Data extracted from a collection

***

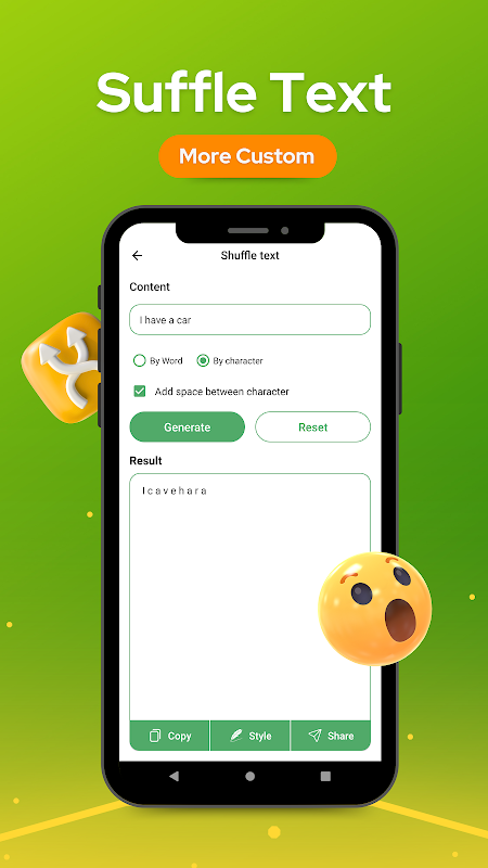 🪄**टेक्स्ट शफ़ल**: हमारी टेक्स्ट शफ़ल सुविधा के साथ चीजों को मिलाएं। चंचल और आश्चर्यजनक संदेश बनाने के लिए अपने शब्दों के क्रम को यादृच्छिक बनाएं जो आपकी बातचीत को ताज़ा और मनोरंजक बनाए रखें।
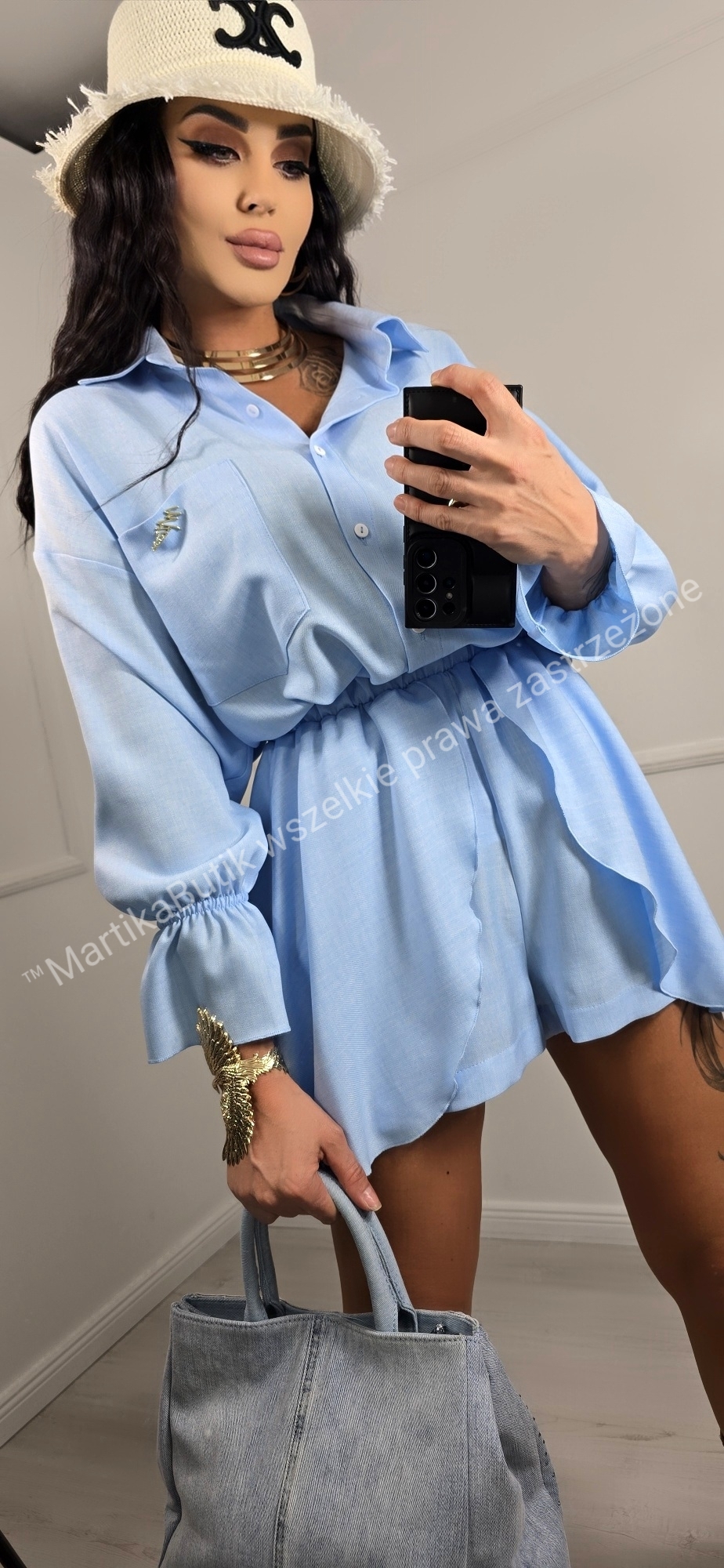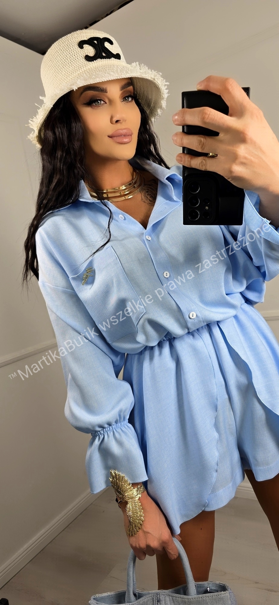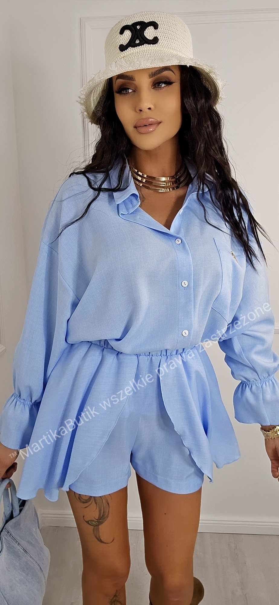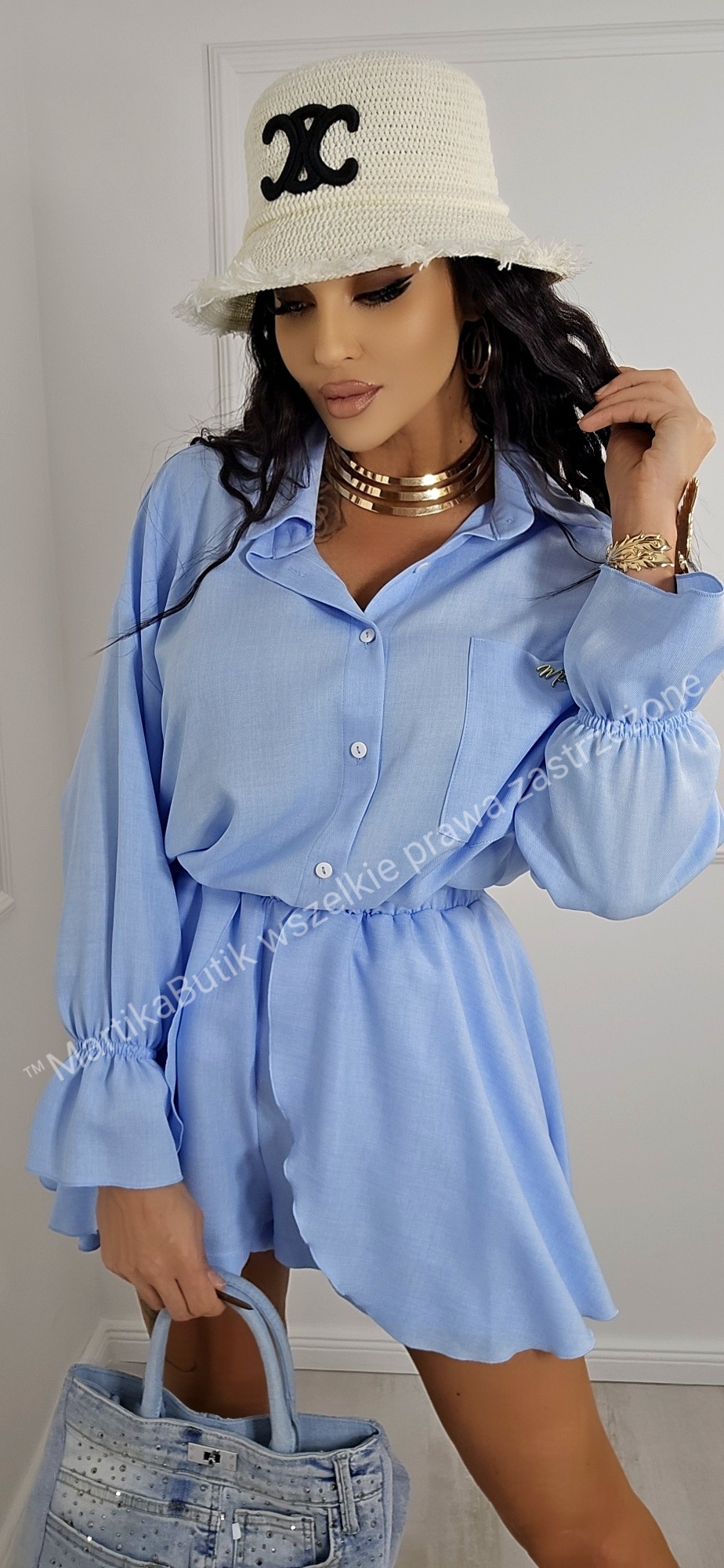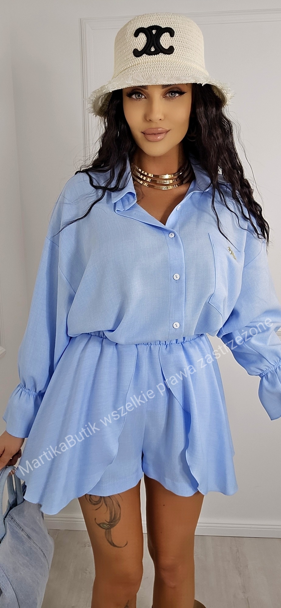 Koszula Oversize: Luźny fason z długim rękawem zakończonym stylowym ściągaczem. Zapinana na guziki, z klasycznym kołnierzykiem, zapewnia maksymalny komfort i przewiewność. Do zestawu dołączona jest złota broszka, która dodaje elegancji. Rękawy zakończone falbanką z gumką.
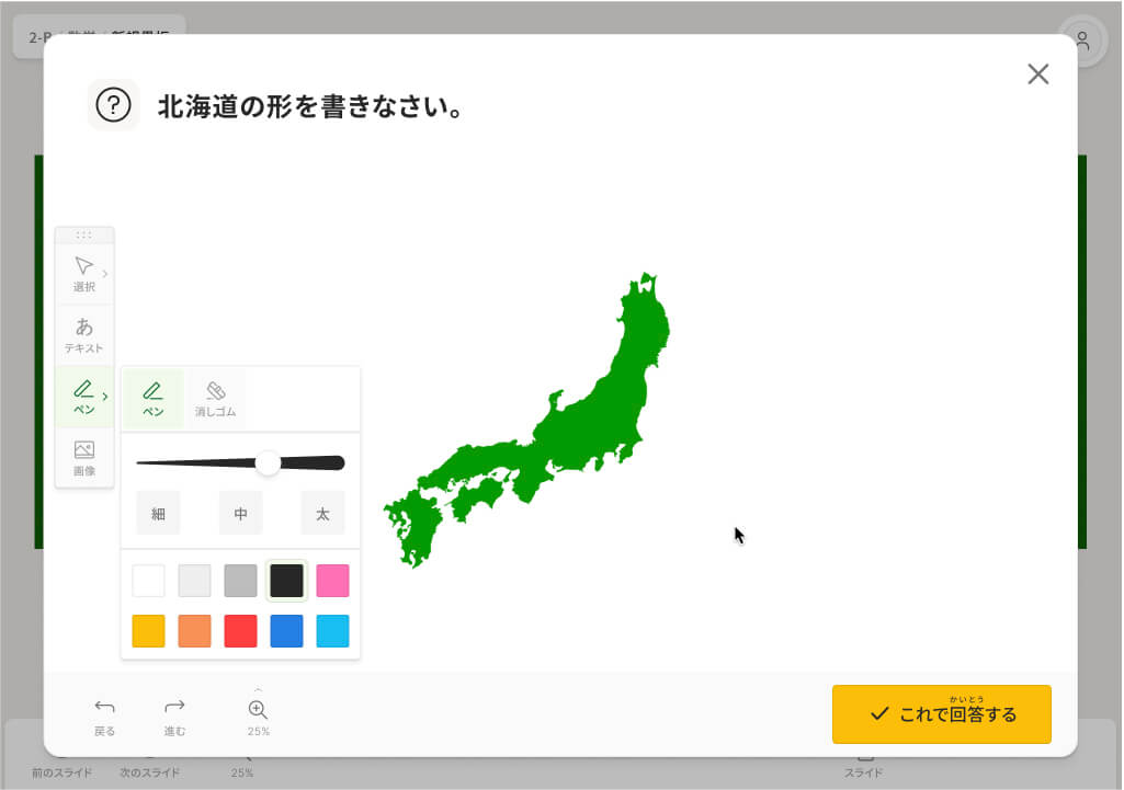 「北海道の形を書きましょう」という問題を生徒端末で表示した様子。児童生徒は「ペン」機能を使って答えを書き込み、回答します。
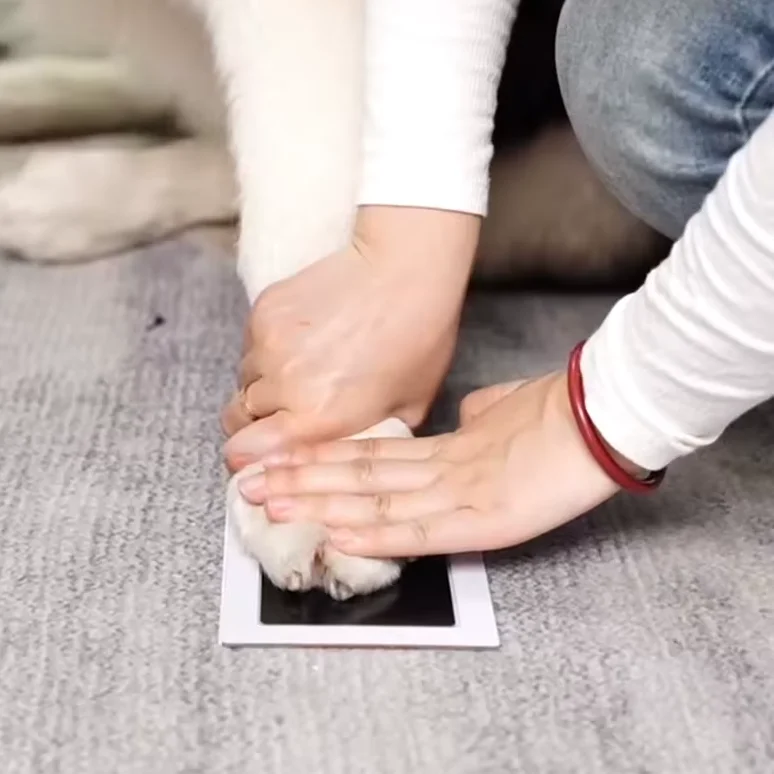 Med vårt tassavtryck-kit tar du enkelt ett fint avtryck av ditt husdjurs tass med giftfritt bläck. Perfekt som egen liten minnestavla – eller som ett gulligt och personligt tillägg till en tavla på din hund eller katt.
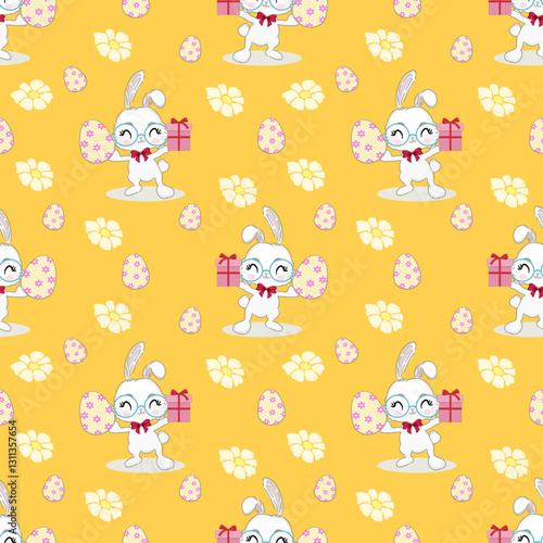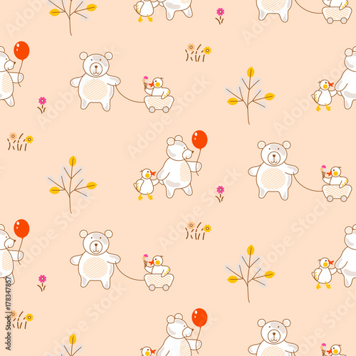 Vector seamless pattern with cute owl, hedgehog and deer in love holding flowers and hearts. Happy romantic animals background, wallpaper, fabric, wrapping paper.
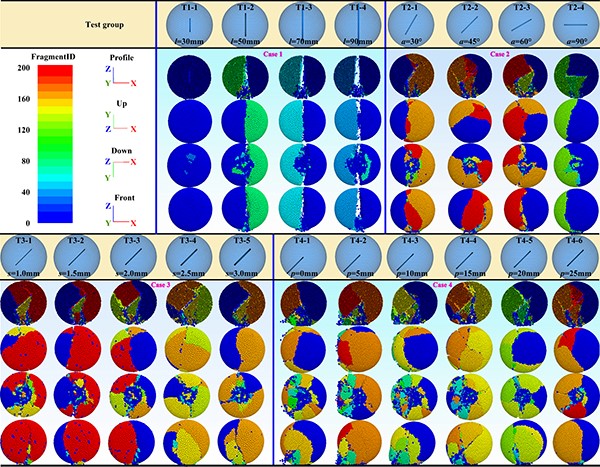 针对上述问题,中国科学院成都山地灾害与环境研究所何思明团队吴永副研究员等,基于离散元方法(DEM)研究了三维节理结构对滚石冲击破碎行为的影响,提出了“体积破碎率”等定量指标,并揭示了节理在影响破坏模式、能量耗散等方面的重要作用。研究基于室内试验与数值模拟相结合的方法,探讨了预存节理的几何特征(长度、角度、厚度、位置)对滚石冲击破碎的机制影响。
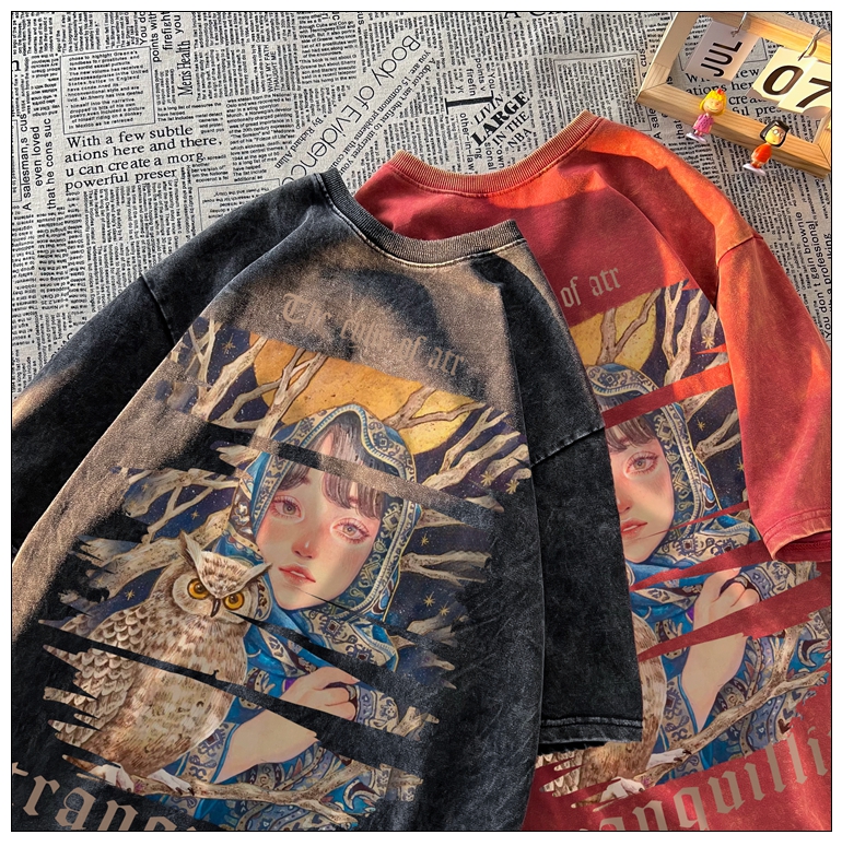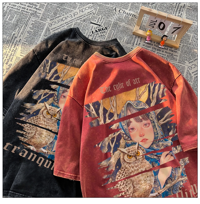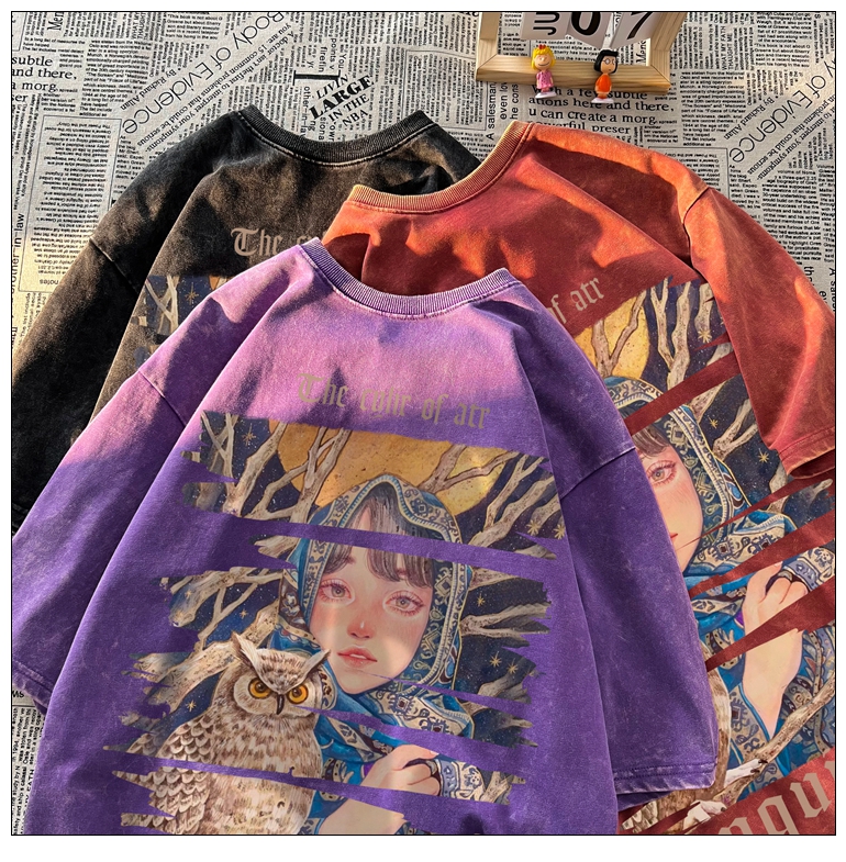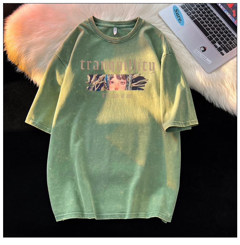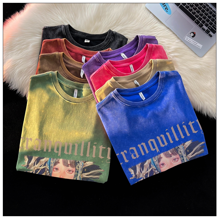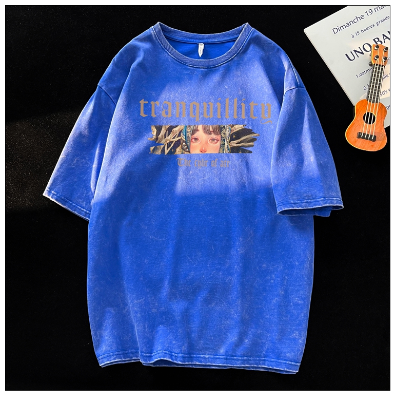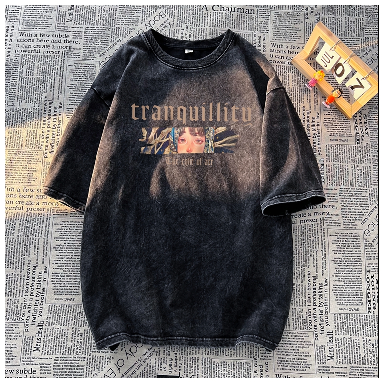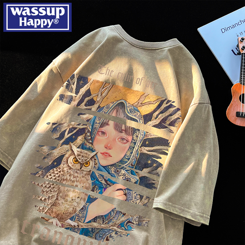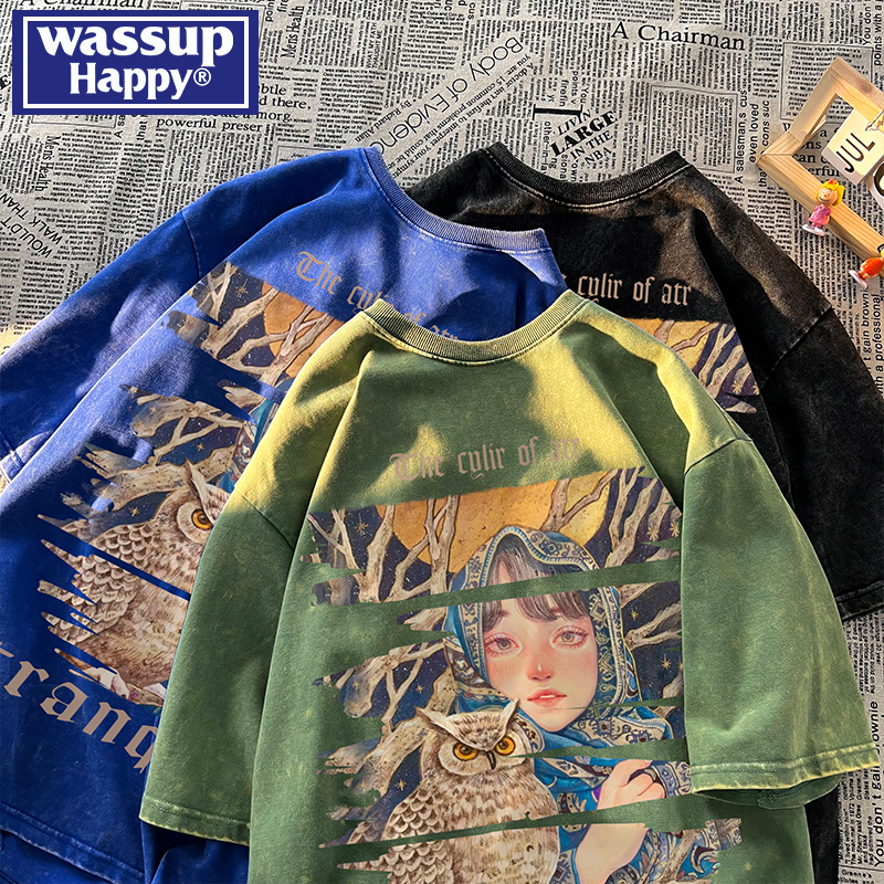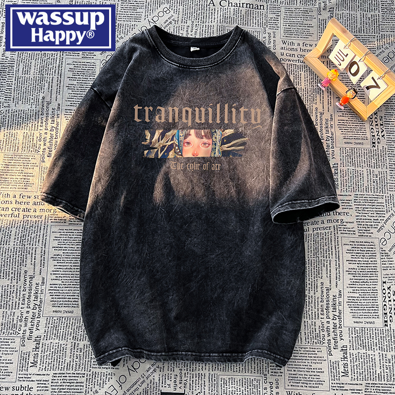 wassup happy美式高街潮牌短袖t恤男夏季復古潮休閒做舊半袖T恤

***

What is being asked
Reproduce the data above word for word and omit the images.

Response area
 🪄**टेक्स्ट शफ़ल**: हमारी टेक्स्ट शफ़ल सुविधा के साथ चीजों को मिलाएं। चंचल और आश्चर्यजनक संदेश बनाने के लिए अपने शब्दों के क्रम को यादृच्छिक बनाएं जो आपकी बातचीत को ताज़ा और मनोरंजक बनाए रखें।
 Koszula Oversize: Luźny fason z długim rękawem zakończonym stylowym ściągaczem. Zapinana na guziki, z klasycznym kołnierzykiem, zapewnia maksymalny komfort i przewiewność. Do zestawu dołączona jest złota broszka, która dodaje elegancji. Rękawy zakończone falbanką z gumką.
 「北海道の形を書きましょう」という問題を生徒端末で表示した様子。児童生徒は「ペン」機能を使って答えを書き込み、回答します。
 Med vårt tassavtryck-kit tar du enkelt ett fint avtryck av ditt husdjurs tass med giftfritt bläck. Perfekt som egen liten minnestavla – eller som ett gulligt och personligt tillägg till en tavla på din hund eller katt.
 Vector seamless pattern with cute owl, hedgehog and deer in love holding flowers and hearts. Happy romantic animals background, wallpaper, fabric, wrapping paper.
 针对上述问题,中国科学院成都山地灾害与环境研究所何思明团队吴永副研究员等,基于离散元方法(DEM)研究了三维节理结构对滚石冲击破碎行为的影响,提出了“体积破碎率”等定量指标,并揭示了节理在影响破坏模式、能量耗散等方面的重要作用。研究基于室内试验与数值模拟相结合的方法,探讨了预存节理的几何特征(长度、角度、厚度、位置)对滚石冲击破碎的机制影响。
 wassup happy美式高街潮牌短袖t恤男夏季復古潮休閒做舊半袖T恤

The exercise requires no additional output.